====== EXTRACTED ENTRIES

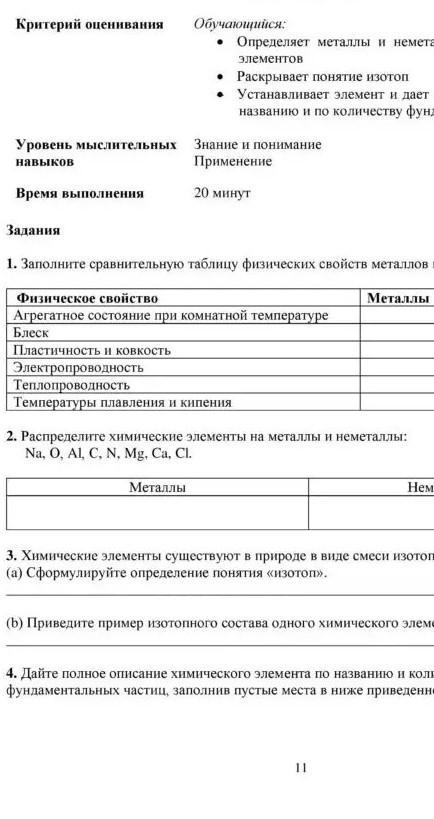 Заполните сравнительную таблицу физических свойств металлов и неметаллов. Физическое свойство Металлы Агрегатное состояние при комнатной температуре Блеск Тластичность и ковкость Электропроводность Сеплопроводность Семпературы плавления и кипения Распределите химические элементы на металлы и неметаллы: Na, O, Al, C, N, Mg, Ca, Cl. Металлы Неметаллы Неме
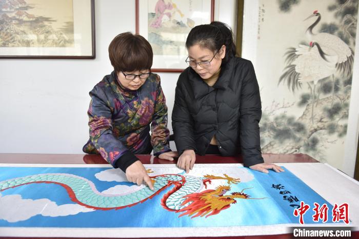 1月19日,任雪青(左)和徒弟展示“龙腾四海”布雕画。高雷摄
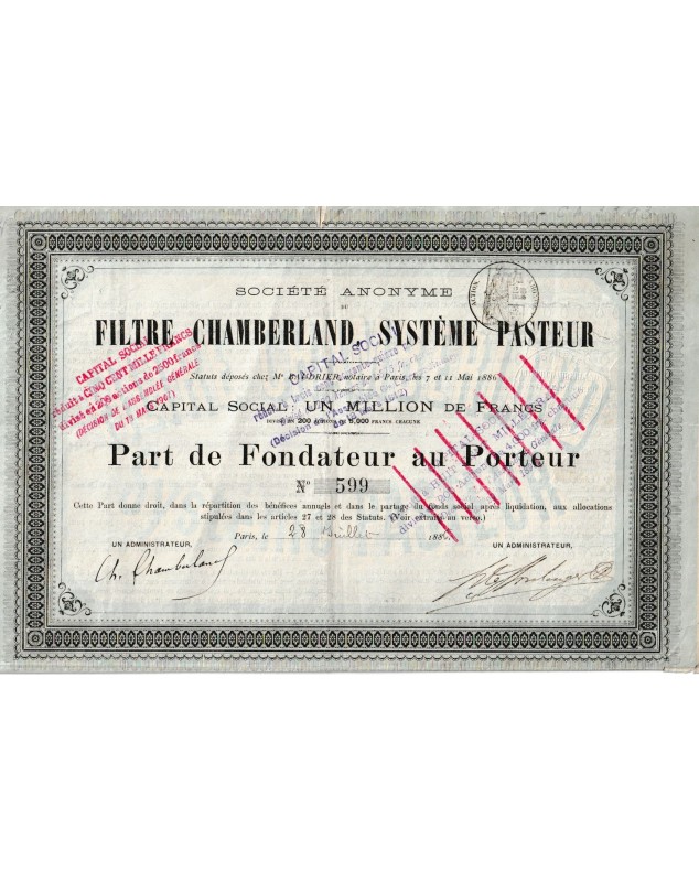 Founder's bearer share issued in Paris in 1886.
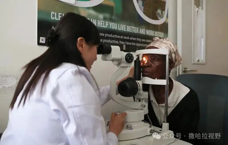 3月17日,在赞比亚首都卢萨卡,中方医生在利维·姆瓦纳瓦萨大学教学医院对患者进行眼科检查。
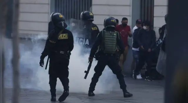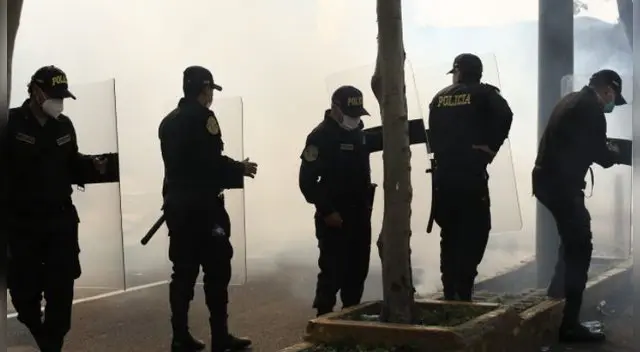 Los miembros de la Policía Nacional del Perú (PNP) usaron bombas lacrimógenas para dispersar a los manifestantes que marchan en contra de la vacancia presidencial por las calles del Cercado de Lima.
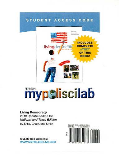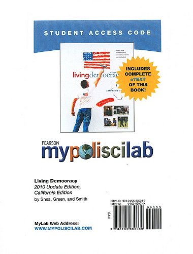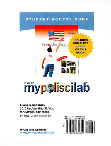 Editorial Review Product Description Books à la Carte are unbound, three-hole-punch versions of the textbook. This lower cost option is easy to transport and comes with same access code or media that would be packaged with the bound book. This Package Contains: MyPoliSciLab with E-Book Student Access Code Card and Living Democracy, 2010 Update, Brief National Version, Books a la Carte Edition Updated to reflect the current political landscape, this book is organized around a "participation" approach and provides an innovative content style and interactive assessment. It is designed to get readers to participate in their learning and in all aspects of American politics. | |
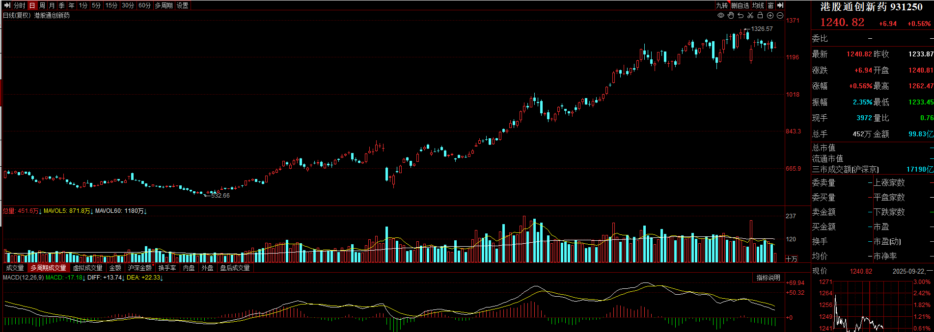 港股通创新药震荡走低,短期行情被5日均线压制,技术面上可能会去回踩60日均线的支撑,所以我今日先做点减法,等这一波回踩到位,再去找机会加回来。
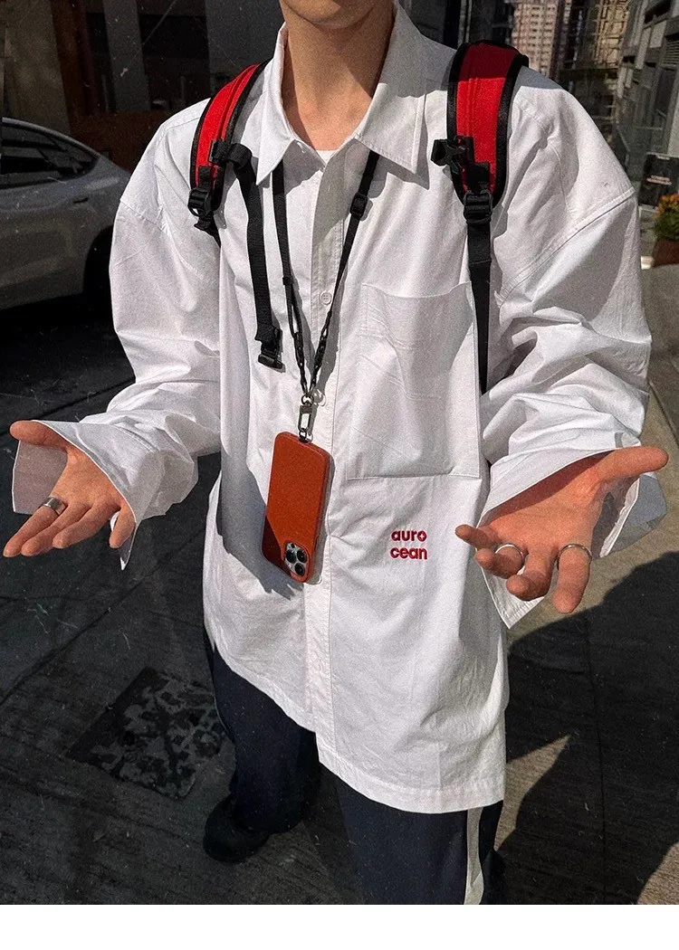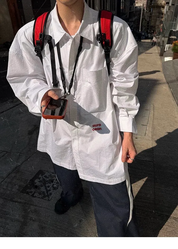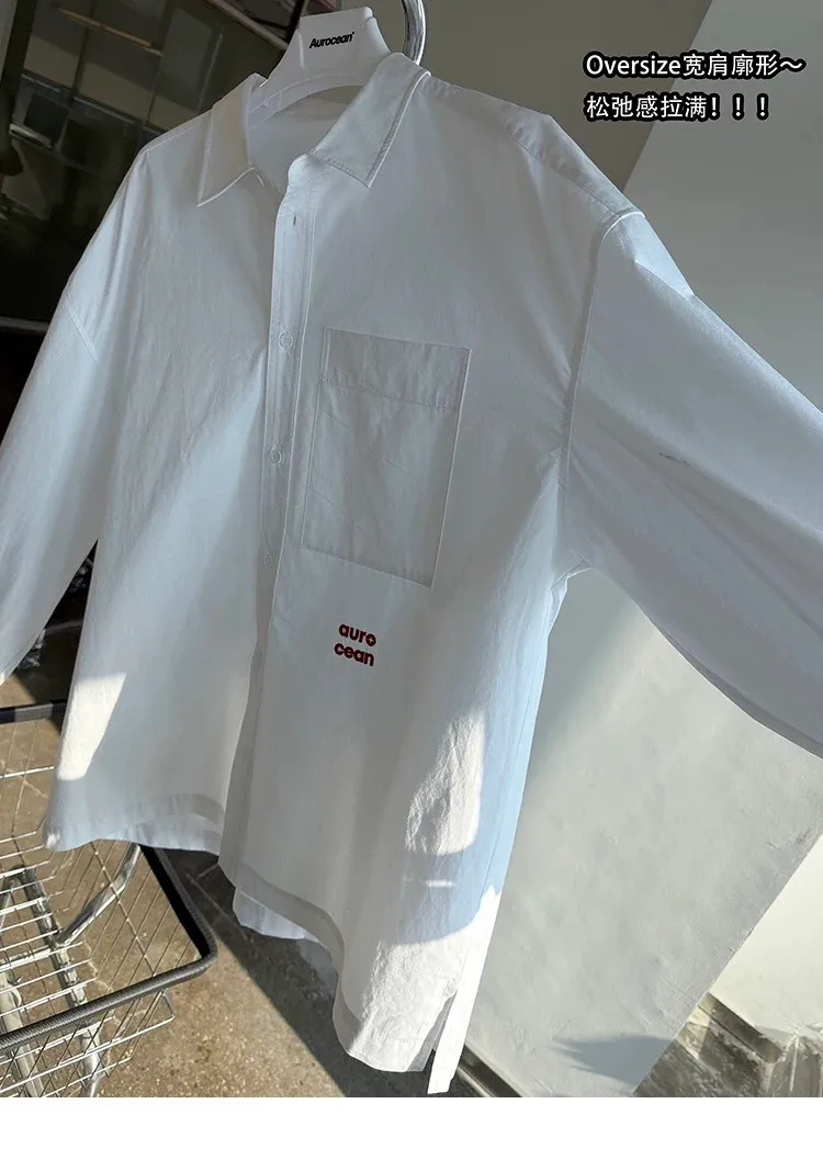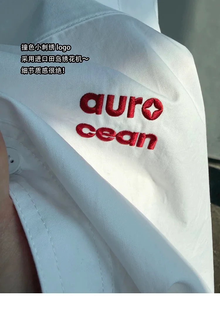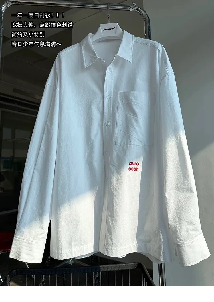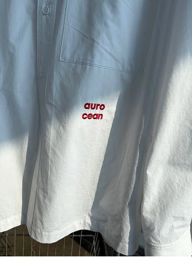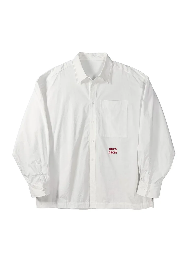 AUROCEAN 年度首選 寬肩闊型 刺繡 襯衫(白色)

============

* **TASK STATEMENT**
A faithful copy of all the entries is required, pictures excluded.

* **RESPONSE AREA**
 Заполните сравнительную таблицу физических свойств металлов и неметаллов. Физическое свойство Металлы Агрегатное состояние при комнатной температуре Блеск Тластичность и ковкость Электропроводность Сеплопроводность Семпературы плавления и кипения Распределите химические элементы на металлы и неметаллы: Na, O, Al, C, N, Mg, Ca, Cl. Металлы Неметаллы Неме
 1月19日,任雪青(左)和徒弟展示“龙腾四海”布雕画。高雷摄
 Founder's bearer share issued in Paris in 1886.
 3月17日,在赞比亚首都卢萨卡,中方医生在利维·姆瓦纳瓦萨大学教学医院对患者进行眼科检查。
 Los miembros de la Policía Nacional del Perú (PNP) usaron bombas lacrimógenas para dispersar a los manifestantes que marchan en contra de la vacancia presidencial por las calles del Cercado de Lima.
 Editorial Review Product Description Books à la Carte are unbound, three-hole-punch versions of the textbook. This lower cost option is easy to transport and comes with same access code or media that would be packaged with the bound book. This Package Contains: MyPoliSciLab with E-Book Student Access Code Card and Living Democracy, 2010 Update, Brief National Version, Books a la Carte Edition Updated to reflect the current political landscape, this book is organized around a "participation" approach and provides an innovative content style and interactive assessment. It is designed to get readers to participate in their learning and in all aspects of American politics. | |
 港股通创新药震荡走低,短期行情被5日均线压制,技术面上可能会去回踩60日均线的支撑,所以我今日先做点减法,等这一波回踩到位,再去找机会加回来。
 AUROCEAN 年度首選 寬肩闊型 刺繡 襯衫(白色)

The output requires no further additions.